The easiest way to get started is to install the pre-built wheel from GitHub Releases:

python3 -m venv sandbox
source sandbox/bin/activate
python3 -m pip install --upgrade pip

# Install triton-xdna from GitHub Releases
pip install triton-xdna \
  --find-links https://github.com/amd/Triton-XDNA/releases/expanded_assets/latest-wheels \
  --find-links https://github.com/Xilinx/mlir-aie/releases/expanded_assets/latest-wheels-no-rtti \
  --find-links https://github.com/Xilinx/llvm-aie/releases/expanded_assets/nightly \
  --find-links https://github.com/Xilinx/mlir-air/releases/expanded_assets/latest-air-wheels-no-rtti

Note: To install from a local wheel file:

pip install /path/to/triton_xdna-*.whl \
  --find-links https://github.com/Xilinx/mlir-aie/releases/expanded_assets/latest-wheels-no-rtti \
  --find-links https://github.com/Xilinx/llvm-aie/releases/expanded_assets/nightly \
  --find-links https://github.com/Xilinx/mlir-air/releases/expanded_assets/latest-air-wheels-no-rtti

Option 2: Build from Source (Using Pip)

Starting from the root of the repository:

python3 -m venv sandbox
source sandbox/bin/activate
python3 -m pip install --upgrade pip
pip install cmake pybind11 nanobind wheel ninja pytest setuptools Cython

# Install triton-xdna from source and all dependencies automatically
pip install . --no-build-isolation \
  --find-links https://github.com/Xilinx/mlir-aie/releases/expanded_assets/latest-wheels-no-rtti \
  --find-links https://github.com/Xilinx/llvm-aie/releases/expanded_assets/nightly \
  --find-links https://github.com/Xilinx/mlir-air/releases/expanded_assets/latest-air-wheels-no-rtti

This will automatically install all required dependencies:

  • mlir-aie
  • llvm-aie
  • mlir-air

The versions are managed in utils/mlir-aie-hash.txt, utils/llvm-aie-hash.txt, and utils/mlir-air-hash.txt.

Option 3: Build from Source (Using Cmake)

python3 -m venv sandbox
source sandbox/bin/activate
python3 -m pip install --upgrade pip
pip install cmake pybind11 nanobind wheel ninja pytest setuptools Cython
source utils/env_setup.sh

cmake -GNinja -S . -Bbuild
cd build
ninja

Cmake shall install the C++ binaries under third_party/triton/python/build.
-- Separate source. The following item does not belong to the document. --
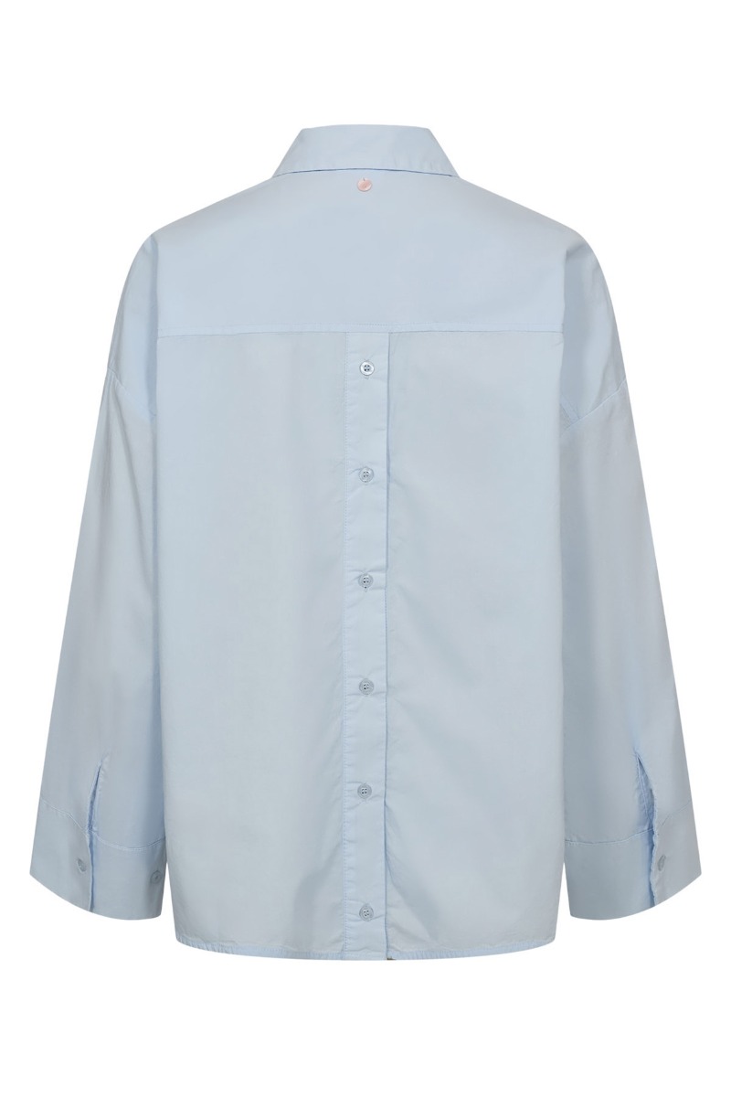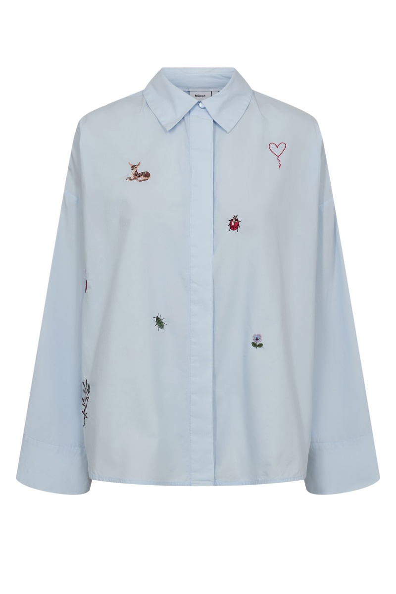 Denne lyseblå skjorte har et klassisk og stilrent udtryk med en moderne, afslappet pasform og brede manchetter, der giver et cool og tidløst look. Skjorten har klassisk krave og skjult knaplukning foran, som understreger det enkle design, mens de små broderede motiver på fronten tilfører et legende og personligt twist. Her ses blandt andet et hjerte, en mariehøne, en lille blomst, en bille, en gren samt en lille hjort, som giver skjorten et fint og feminint udtryk. Bagsiden er mere enkel med en ren silhuet og knapdetalje langs ryggen, der fuldender det afslappede look. Perfekt at style med jeans eller habitbukser for et moderne outfit med søde detaljer.

A triton python package with a new amd_triton_npu backend is also pip installed to the virtual environment sandbox.

Run examples

Please make sure to run source {path_to_xrt}/setup.sh before running examples. The test also depends on PyTorch as CPU reference.

cd examples/matmul
AIR_TRANSFORM_TILING_SCRIPT=transform_aie2.mlir python matmul.py

Note: The transform_aie2.mlir transform dialect IR is specifically designed for the AIE2 architecture. For AIE2P architecture, use transform_aie2p.mlir instead.